Japan’s 1947 constitution was drafted just two years after the end of World War II, which ended with the United States dropping atomic bombs on Hiroshima and Nagasaki that killed an estimated 200,000 Japanese civilians by the end of 1945. For supporters, Article 9’s pacifist principle represented a critical moral break from Japan’s pre-war and wartime militarism, a commitment to never again repeat the devastation of aggressive conflict.

Even from its earliest days, however, Article 9 was controversial. Critics have long argued that the clause was effectively imposed by the United States during the post-war occupation, rather than arising from domestic Japanese consensus. During the Cold War, security analysts also raised concerns that the clause left Japan vulnerable to Soviet expansion in Asia.

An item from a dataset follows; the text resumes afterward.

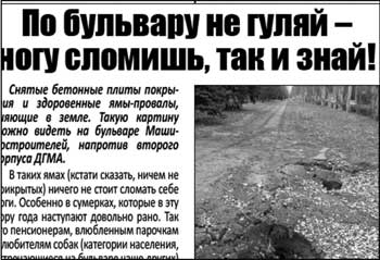 «Администрацией города неоднократно рассматривалась необходимость реконструкции бульвара Машиностроителей. В связи с тем, что 70% покрытия бетонной плитки пришли в негодность и требуют замены, капитального ремонта требуют зеленные насаждения, установки декоративных светильников и установки малых архитектурных форм. Все эти работы требуют значительных финансовых вложений из местного бюджета. Программой благоустройства города на 2008-2011 годы, утвержденной решением городского совета от 14.11.2007, данные работы не предусмотрены. Согласно указанной Программе, выполнены работы по реконструкции сквера им. Шевченко и сквера по бульвару Краматорскому. При формировании Программы благоустройства на 2012-2015 годы будут предусмотрены работы по реконструкции бульвара Машиностроителей с разработкой проектно-сметной документации. Начальник Управления Владимир Фальченко». Лиля ВАСИЛЬЕВА |

But for millions of Japanese, especially survivors of the atomic bombings and their families, any move away from pacifism sparks deep-seated fear. Earlier this year, Hiroshima atomic bomb survivors (known locally as hibakusha) addressed the United Nations at the 2026 Nuclear Non-Proliferation Treaty review conference, calling for global nuclear abolition and a world free from war. “Nuclear weapons were used because we went to war,” said Jiro Hamasumi, a hibakusha who spoke at the event. “No more war, no more hibakusha,” he added.

The wave of protests has spread far beyond Tokyo, with large rallies now organized in other major Japanese cities including Osaka, Kyoto, and Fukuoka. Attendance at demonstrations has grown week over week, with social media platforms like X playing a critical role in helping younger organizers spread information and bring new participants into the movement.

Despite the large turnout for anti-war protests, public opinion across Japan remains deeply divided on the future of the country’s pacifist framework. Recent public opinion polls have produced conflicting results: some show growing support for a stronger Japanese military to address modern regional threats, while others record clear majority opposition to eroding Article 9.

Proponents of constitutional and security change argue that Japan’s security environment has fundamentally shifted since 1947, and the old framework is no longer fit for purpose. They argue that Article 9 places unjustifiable limits on Japan’s sovereignty, and that the country must be able to deter potential aggression, support allied partners, and respond proactively to regional crises. For supporters, expanding the military’s role is not a rejection of pacifism, but a necessary adaptation to keep Japan safe in an increasingly volatile world.

Opponents, however, warn that incremental policy changes are slowly hollowing out Article 9’s core pacifist commitment. They argue that loosening restrictions on arms exports and expanding the military’s overseas role will inevitably draw Japan into foreign conflicts that do not serve its national interest. For many opponents, Article 9 is far more than a legal regulation — it is a core moral commitment, forged from the ashes of World War II, that has kept Japan at peace for generations.

The deep national divide is visible even in small, everyday interactions. During a recent protest in Tokyo, a convenience store cashier near the demonstration route summed up the split with a mixture of impatience and conviction: “They’re always here,” he said of the protesters, before adding, “It’s time for a new Japan.”

That is exactly the choice now facing the Japanese people: whether to hold fast to the pacifist national identity shaped by the trauma of the past, or to remake the country’s security framework to adapt to an increasingly unstable global future. In a nation where political change has historically come gradually and cautiously, the question now is not just what path Japan will choose, but how quickly the country will make that fateful decision.